# Paralympic swimmers



## imagemaker46 (Jul 22, 2012)

Shot these over the past 3 days, mostly with the Canon T2i and a 300 2.8.  These are Canada's Paralympic swimmers heading to London.


----------



## rlemert (Jul 22, 2012)

I like these! In almost all of the shots you see these people as athletes, not as "handicapped athletes".
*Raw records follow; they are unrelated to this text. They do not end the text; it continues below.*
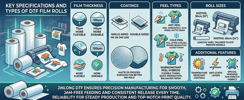 DTF film rolls come in various options to fit different printing needs, offering flexibility and durability. Here’s a quick look at key specs: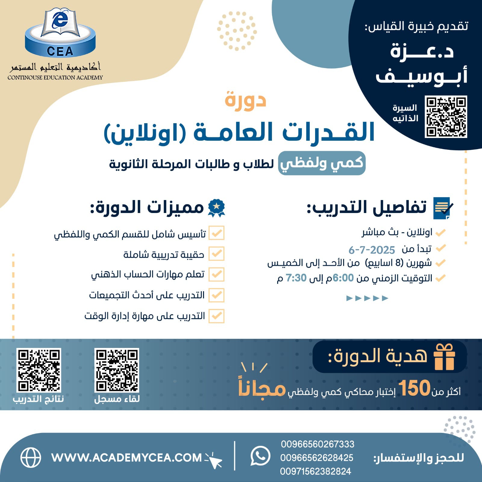 in القدرات العامة للمرحلة الثانويةAbout this course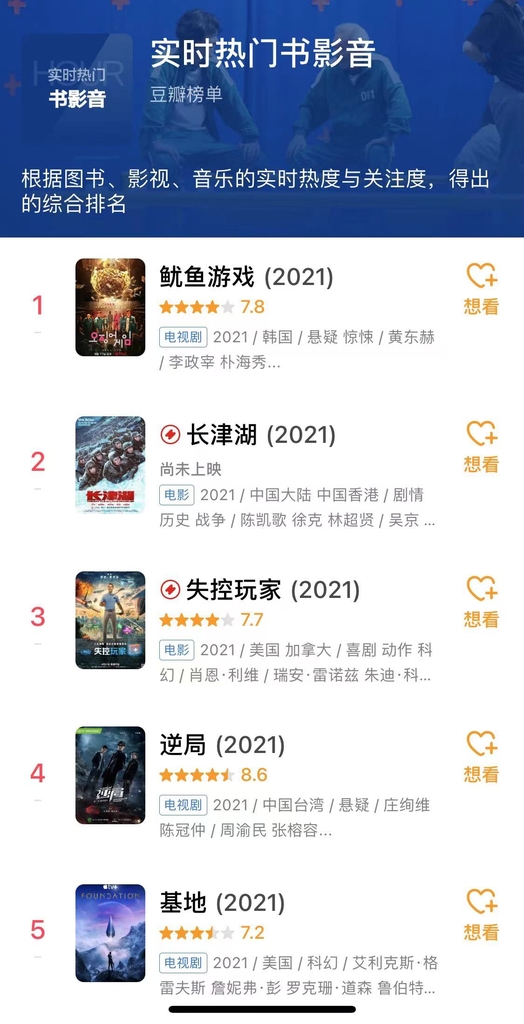 이날 평점 사이트 더우반(豆瓣)에서 '오징어 게임'은 실시간 영화·드라마 인기 순위 1위에 올랐다.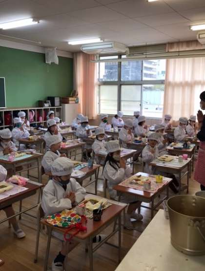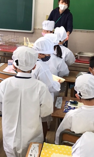少しぶかぶかの、真新しい給食着がとても可愛らしいです。
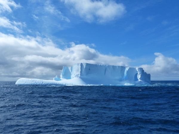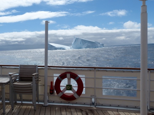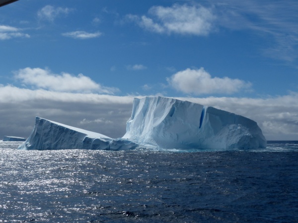 Draußen passieren wir pünktlich zur Mittagszeit gigantische Eisberge, die aus dem Weddellmeer stammen.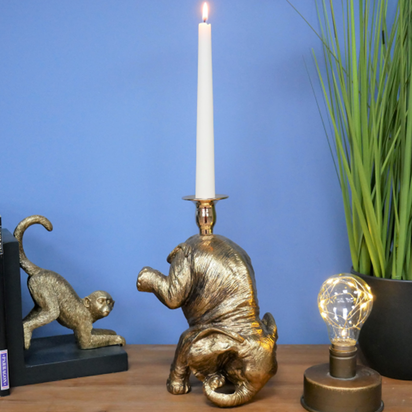 Add some playful, animalistic style to your house and home with this quirky candlestick holder shaped as a baby elephant doing a handstand.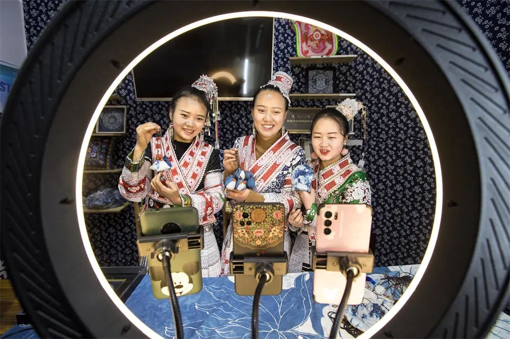 Yang Wenli, a villager from Huawu village in Qianxi city, southwest China's Guizhou Province, walked out of a Miao embroidery workshop with a pair of wax-dyed pants on her arm. This batch of 500 pairs of jeans, hand-dyed with wax and paired with hand-embroidered Miao designs, has become a hit among young people, she said.
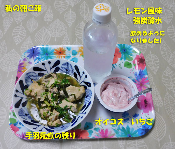 朝ごはんには、 手羽元煮の残り を食べたけれど、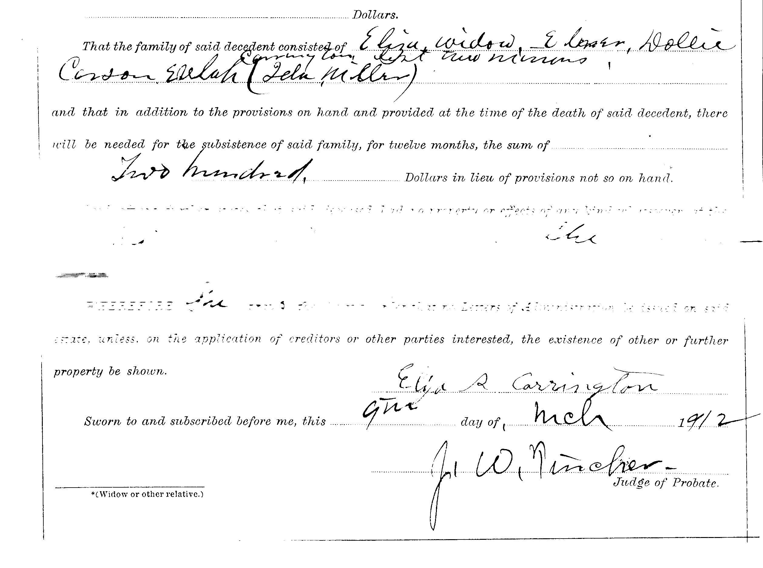 That the family of said decedent consisted of Eliza, widow, Elmer, Dollie, Carson, Eulah Carrington, last two minors, Ida Millard. and that in addition to the provisions on hand and provided at the time of the death of said decedent, there will be needed for the subsistence of said family for twelve months, the sum of Two hundred Dollars in lieu of provisions not so on hand.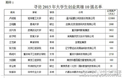 Beat365官网MBA学员卢成堆入围2015年全国十强大学生创业英雄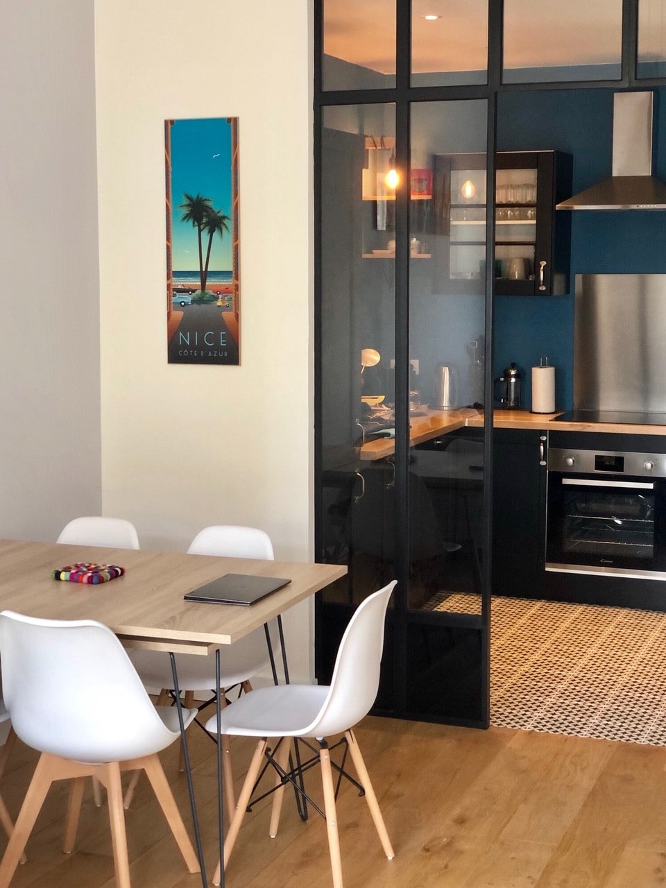 エレベーターのない最上階にあるアパートからは、旧市街の教会の屋根と鐘楼がとてもよく見えます。 徒歩わずか5分でビーチに到着します。 絵画のように美しく活気に満ちた旧ニースの中心部にありますが、アパートは賑やかな通りにあります。 その他の注意点として、アパートは5階と最上階にあり、階段の最後の部分は少し狭いです。 階段は怖いかもしれませんが、アパートは少し努力する価値があります。

The last one is the exception, of course, but I think it makes the most dramatic statement. "Yeah, I'm missing a leg. So what?"


----------



## LaFoto (Jul 23, 2012)

To me, ALL of these say "We are sports people!", no more than that. Which is - so I assume - what they are meant to say, and thus they succeed. Whether you see the handicap or whether you don't: what this is about is their sport. And I like that aspect.
As much as I like the use of light - natural where it feels right, flash where that one's needed. Good choices.


----------



## imagemaker46 (Jul 23, 2012)

Thanks for the comments, it's a really dark pool, and I found some creative uses for the light that was there, everything was shot during competition as well, which does help add to the images.  The one posed shot was a quick one, only had a minute to shoot it, and ended up shooting 5 frames, I would have liked to shoot it without a flash, but time didn't permit avaliable light.


----------